古いクルマに乗っていると声をよく掛けられるのだが、言われるのが「程度いいねえ」という言葉。気分は悪くないので毒づきはしないが、内心は「パッと見でなにがわかるというのだ?」と思ったりする。要は、ボディがピカピカしていればなんでも程度がいいということになる。
まぁ、言う方も真剣ではなく、世間話程度で社交辞令みたいなものなんだろうが。とはいえ、程度ってなんだろうと考えみると、大きく、ボディまわりとメカまわりのふたつに分かれるように思う。
ボディがピカピカ真の程度があるというわけではない
まずボディは確かにピカピカしているのは大前提だろうが、ただそこに真の程度があるわけではない。やはり真の程度は奥の奥、裏の裏まで腐食やサビがないこと。見えないところが腐食などしているというのは外観上関係ないだろうが、剛性などは落ちるのでシャッキリしない。
ただ、言い出したらキリがないこともあるし、車種によっては腐食していないクルマはないと言われるほどのウイークポイント的なところはあるが、そうなるとさすがに例外ではある。ちなみにカプチーノのリヤバルクヘッド裏側やパオのスペアタイヤスペースなどはお馴染みだ。
メカの程度はストレスや違和感なく走れるかだろう
そしてメカの程度となると、やはり調子がいいか悪いかに尽きる。ひと口に調子がいいと言っても、エンジンならきれいに吹けるか、異音がないか。燃費が極端に悪くなっていないか。ミッションなら入りやショック、足まわりであれば異音やガタつきなどで、ストレスや違和感なく走れるかだろう。メカの場合は測定ができる部分もあるのが特徴で、シリンダーの圧縮は測定でき、摩耗して抜け気味なら程度はあまり良くないことが数値からわかる。
究極なことを言ってしまうと程度なんて各部をチェックしないとわからないということになる。冒頭のピカピカだから程度よしというわけではないが、雰囲気でわかる場合はあるにはある。いわゆる佇まいで、奥底の程度が悪いと全体の雰囲気がなんとなく、違和感があったりする。
また、見た目はくたびれていても、悪くはないと感じることもあったりする。人間でもそうだが、歳を取った年配でも運動をしたりして健康だと、元気で雰囲気もシャキッとしているし、古い家や神社仏閣も手入れが行き届いていれば古くても、細かいところは不具合があっても、状態はよく感じるのと同じ。

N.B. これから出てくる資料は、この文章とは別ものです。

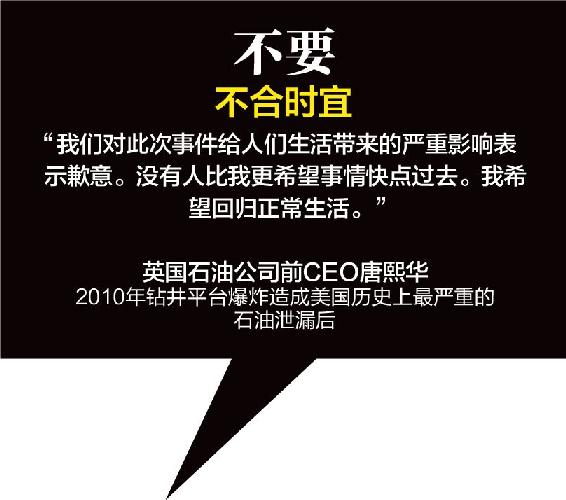 没有掌握好表达方式的一个突出例子是曾任英国石油公司CEO的唐熙华(Tony Hayward),2010年灾难性的墨西哥湾漏油事件后,他发表了如下道歉声明:“我们对此次事件给人们生活带来的严重影响表示歉意。没有人比我更希望事情快点过去。我希望回归正常生活。”这番话极不合时宜,显示出即兴道歉声明的巨大风险。(唐熙华数周后辞职。)

クルマの場合は定期的に乗って、エンジンもしっかりと回してやったり、基本メンテはしっかりと行ってやるだけで、古くても程度のよさが感じられるし、維持できるだろう。博物館の程度と、実生活での程度の差と言ったらいいだろうか。日常面での程度のよさというのは、決して過保護というわけではない。